By Mark Matsunaga
Advertiser Staff Writer
The trial of Dennis "Bumpy" Kanahele began yesterday in a case that his attorney calls an "overreaction ... to the most outspoken and assertive direct-action Hawaiian sovereignty advocate in Hawaii today."
Kanahele, leader of the self-proclaimed Nation of Hawaii, is on trial in federal District Court on a charge of harboring a federal tax fugitive and interfering with two attempts to arrest that fugitive, Nathan K. Brown, early last year.
Kanahele aide Gordon Kaaihue, head of the nation's "peace force," is a co-defendant on one interfering charge.

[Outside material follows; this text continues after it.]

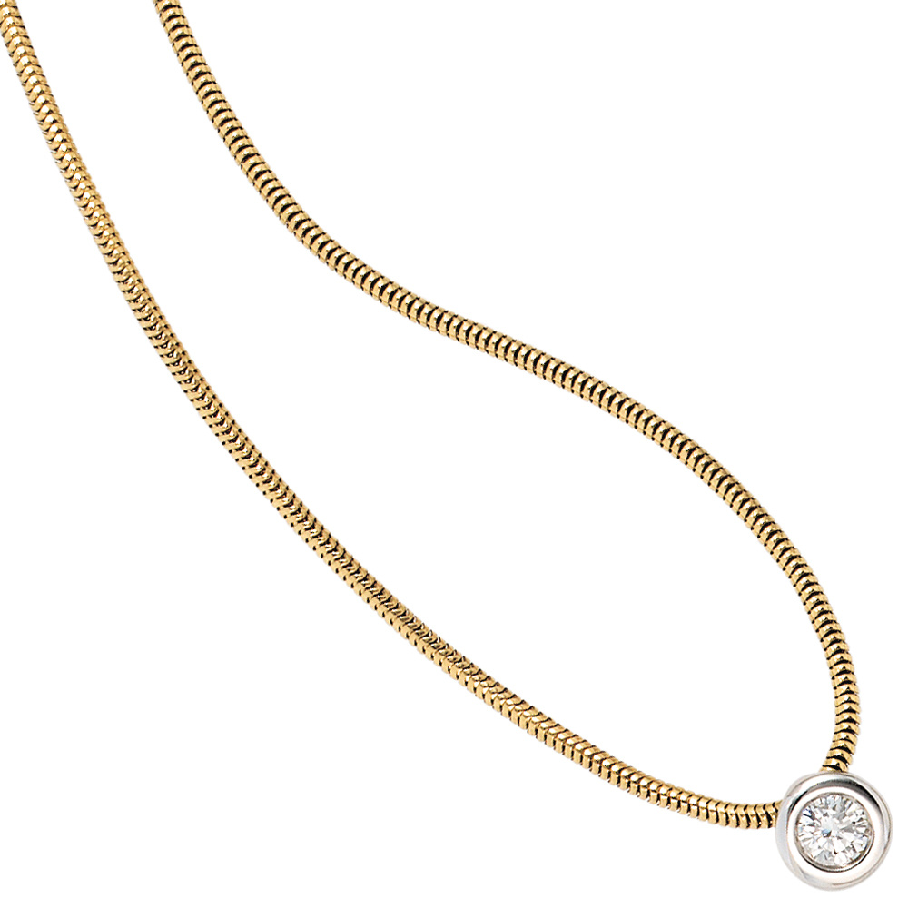 Collier aus 14 Karat (585) Gold, Gelbgold mit Weißgold kombiniert, mit einem Diamant-Brillanten, 0,25 ct., W/SI wesselton (weiß), SI=(kleine, mit bloßem Auge nicht erkennbare natürliche Einschlüsse), Feinbearbeitung gut, mit Karabinerverschluss, Länge ca. 42 cm, Durchmesser ca. 6,6 mm, Kettenstärke ca. 1,4 mm x 1,4 mm, Tiefe ca. 4,2 mm, Gewicht ca. 5,2 g * Bitte beachten Sie die Maße! Auf dem Foto kann der Artikel größer wirken *

In opening statements yesterday, Kanahele's attorney, Hayden Aluli, suggested that, rather than criminal conduct, the case "is really about certain state and federal agents' perception of the Hawaiian sovereignty movement."

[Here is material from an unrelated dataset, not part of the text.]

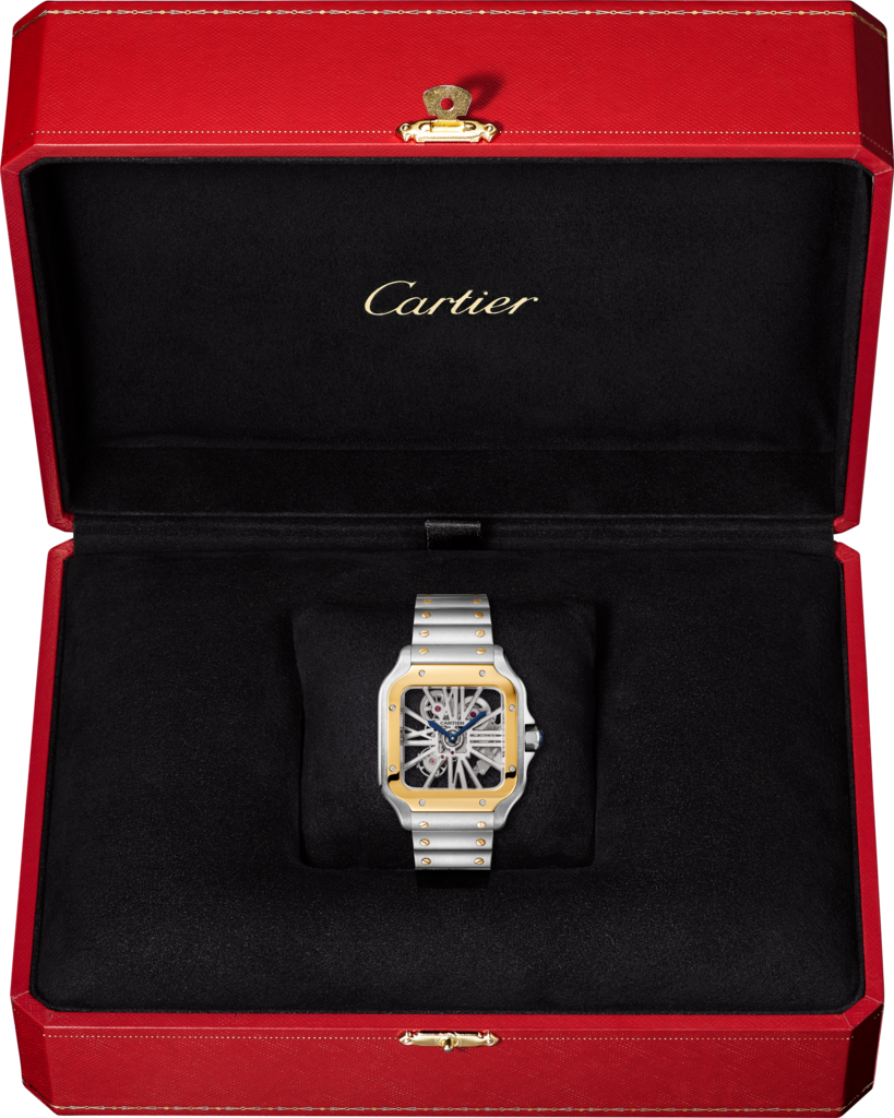 Orologio Santos Scheletrato, modello grande, movimento meccanico di Manifattura a carica manuale, calibro 9611 MC. Cassa in acciaio, lunetta in oro giallo 18 carati, corona ettagonale ornata di uno zaffiro sfaccettato, lancette a forma di gladio d’acciaio azzurrato, vetro e fondocassa in vetro zaffiro. Bracciale in acciaio con sistema di regolazione della misura SmartLink. Secondo cinturino in pelle di alligatore, fibbia pieghevole a doppia regolazione in acciaio. Entrambi sono dotati del sistema d’intercambiabilità QuickSwitch. Ore, minuti con ponti scheletrati a forma di numeri romani. Movimento con numerazione individuale, 138 componenti e 20 rubini. Dimensioni 28 x 28 mm, spessore 3,97 mm, bilanciere a 28.800 alternanze/ora, riserva di carica di circa 72 ore. Larghezza della cassa 39,8 mm, spessore: 9,08 mm. Impermeabile fino a 100 metri.

But Judge Helen Gillmor indicated she won't allow the defense to hold a "mini-trial" of what Kanahele and his followers consider to be the illegal occupation of Hawaii by the federal and state governments.
Assistant U.S. Attorney Les Osborne said he intends to call six witnesses to prove that Kanahele and Kaaihue interfered with a Honolulu police officer's attempt to arrest Brown on Jan. 27, 1994, and Kanahele's obstruction of two U.S. marshals. They were trying to arrest Brown at Kanahele's Waimanalo home on March 16, 1994.
The trial is expected to take a week or more.
The panel appears to be ethnically mixed. Kaaihue's attorney, Sid Quintal, estimated one-third or half of them are part-Hawaiian.